The speculations revolved around the sentence the judge was going to give, especially since Judge Mostafa Abdullah had a reputation for doing the unexpected. Abdullah had previously acquitted suspects in the unfortunate attacks on the 25 January Revolution protesters in Tahrir Square, also known as the “Camels’ case.”
Al-Sabbagh’s family had arrived from their hometown in Alexandria at 9am, and waited for three hours for the court judges to arrive. The optimism for a fair trial had started to fade, a feeling that gradually took over Al-Sabbagh’s supporters throughout the five-hour trial session.
The judge opened the session at noon. The court began by hearing the testimonies of three photojournalists who were present at the crime scene, and whose pictures and video footage were used as evidence against Salah.

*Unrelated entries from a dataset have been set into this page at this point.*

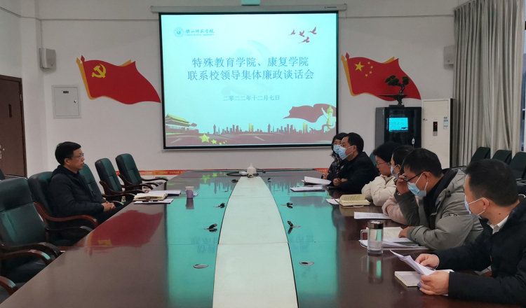 本网讯(文/兰芳 图/张敏) 12月7日,学校党委常委、副校长李朝晖到联系的特殊教育学院、康复学院开展了集体廉政谈话,谈话会在特教大楼A栋408会议室举行。特殊教育学院、康复学院全体处科级干部、院长助理参加了集体谈话会。
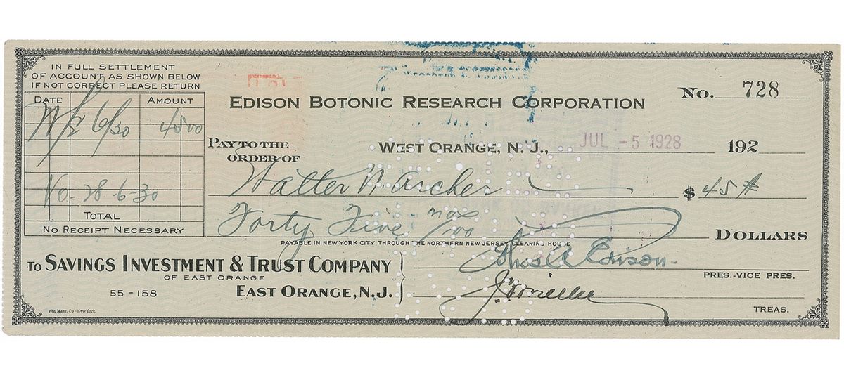 Edison Botanic Research Corporation business check, 8.5 x 3, filled out in another hand and signed by Edison, “Thos. A. Edison,” payable to Walter Archer for $45, stamp-dated July 5, 1928. A single vertical fold, expected cancellation stamps and holes, with some holes affecting the first half of the signature, and stray ink stamp to the top, otherwise fine condition.
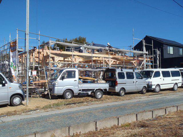 ★先週の工事★ 上棟 屋根下地防水材葺き 木工事(筋違い・間柱入れ 構造金物取付、他) ★今週の予定工事★ 木工事(間柱入れ、構造金物取付、床断熱材入れ、他) 屋根材荷揚げ、屋根材葺き 防腐防蟻処理 中間検査
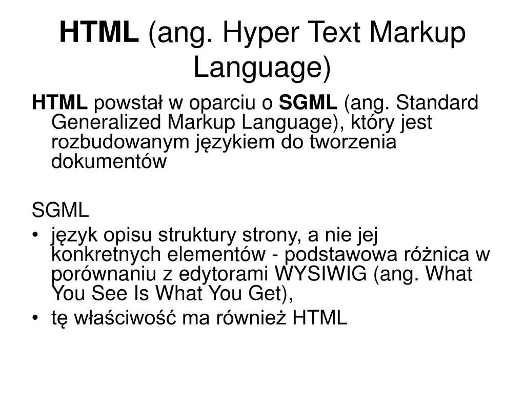 HTML (ang.Hyper Text Markup Language) HTML powstałw oparciu o SGML (ang. Standard Generalized Markup Language), który jest rozbudowanym językiem do tworzenia dokumentów SGML • język opisu struktury strony, a nie jej konkretnych elementów - podstawowa różnica w porównaniu z edytorami WYSIWIG (ang. What You See Is What You Get), • tę właściwość ma również HTML
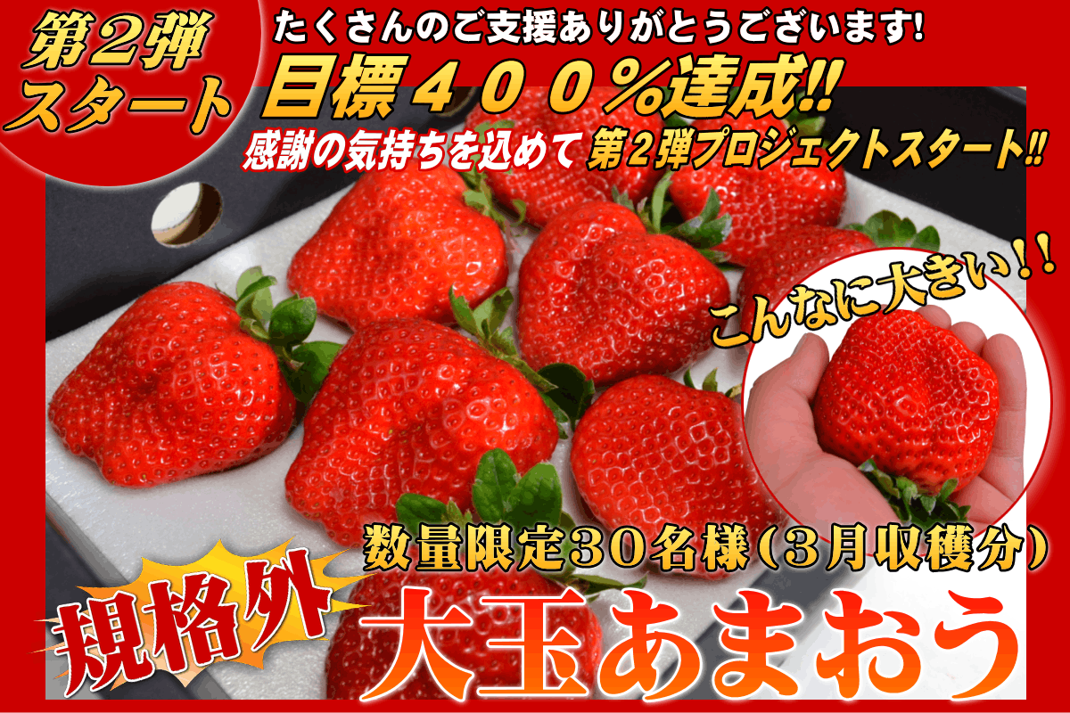 おかげさまで目標400%達成!第2弾大きすぎて規格外大玉!あまおうを食べて欲しい
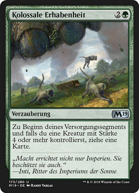 |  Variations— Parts— | Majesté colossaleAu début de votre entretien, si vous contrôlez une créature de force supérieure ou égale à 4, piochez une carte.
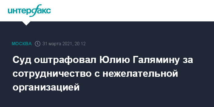 Москва. 31 марта. INTERFAX.RU - 299-й судебный участок по столичному району Северное Измайлово признал бывшего муниципального депутата Юлию Галямину виновной в сотрудничестве с нежелательной на территории РФ организацией и назначил ей штраф в размере 15 тыс. рублей.

This was the third time they testified following the defence’s requests. Defence lawyer Gameel Saeed was hoping to prove that they had not actually seen Salah shooting Al-Sabbagh, a claim they had not made in the first place. They had spoken about their locations during the incidents, the presence of security forces and the direction from which the bullets came.
This case’s major pillars relied on the prosecution’s intensified investigations and the efforts of reporters and photojournalists on the ground, without whom crucial evidence would not have been found.
Prosecution statement incriminates Salah
“Security forces are responsible for the protection of people’s lives, not their bloodshed and endangering their physical safety. Al-Sabbagh died because those who vowed to protect her life decided not to,” the prosecutor said.
He continued by accounting what he described as “absolute facts and evidence”, according to the logical development of events. The facts were that the march did not exceed 30 people, with whom security forces immediately dealt using tear gas and birdshots and killing Al-Sabbagh.
The prosecution claimed that despite the defendant’s initial denial, intensive examinations and analysis of video footages, assisted by experts from the Ministry of Communications, provided definite evidence against him. Additionally, the prosecution relied on the testimony of a taxi driver who appeared in the video and was brought in for questioning.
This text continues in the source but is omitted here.